For information about using the Storage Write API, see Streaming data using the Storage Write API.
Stream data using Dataflow
Use Dataflow to create data pipelines that read from
supported sources, for example, Pub/Sub or Apache
Kafka. These pipelines then transform and write the data to
BigQuery as a destination. You can create a Dataflow
pipeline using the BigQueryIO connector, which uses the
Storage Write API.
For information about using Dataflow to stream data to BigQuery, see Write from Dataflow to BigQuery.
Best practices to manage your tables for loading
In addition to batch loading or streaming data into BigQuery, manage your tables in the following ways to optimize them for data ingestion.
Use partitioned tables
Table partitioning is a powerful technique for managing large tables in BigQuery, especially when you need to perform frequent data loading operations. You can significantly improve table performance and cost-effectiveness by dividing a table into smaller, more manageable segments based on a date, timestamp, or integer.
The primary advantage of partitioning for data loading is that the daily table operation quotas for BigQuery apply at the partition level rather than at the table level. For partitioned tables, a separate, higher limit applies to partition modifications, which replaces the standard table limit. The limit for partitioned tables dramatically increases the number of load jobs you can run per day without reaching quota limits.
A common and highly effective strategy is to batch load your daily data. For
example, you can gather all of the day's data for 2025-09-18 in a temporary
staging table. Then, at the end of the day, you run a single job to load
this data into the specific partition for this day in your main production table.
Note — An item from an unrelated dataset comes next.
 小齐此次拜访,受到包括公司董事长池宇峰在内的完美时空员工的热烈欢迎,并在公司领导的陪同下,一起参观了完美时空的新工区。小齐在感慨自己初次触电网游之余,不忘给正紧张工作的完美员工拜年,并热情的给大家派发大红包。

Because BigQuery interacts only with the data for a single
partition, this approach keeps your data well organized and makes your
loading operations faster and less expensive.
While partitioning is highly recommended for large, growing tables, it's best to avoid it if your partitions would be consistently smaller than 10 GB. For more information, see When to use partitioning.
To learn more about the different partitioning methods available, such as time-unit and integer-range partitioning, see Types of partitioned tables.
Take advantage of built-in exponential backoff, truncate, and jitter
Built-in exponential backoff and
retry
is an error-handling method that helps your application recover smoothly when an
operation fails temporarily. Such failures can include a rate limit error
(rateLimitExceeded) or a brief network problem (unavailable).
In a reliable system, workers that take tasks from your client-side queue also use exponential backoff and retry. They do this when calling BigQuery, which creates two levels of protection.
For example, the official google-cloud-bigquery-storage library for Python
includes built-in retry logic with exponential backoff. This logic handles
temporary gRPC errors, for example, UNAVAILABLE. In most cases, you don't need
to write this retry code yourself. The client.append_rows() call handles these
retries automatically.
This built-in handling is a significant benefit of using the official client
libraries. You only need to deal with errors that cannot be retried, for example,
INVALID_ARGUMENT, which means there is a schema mismatch.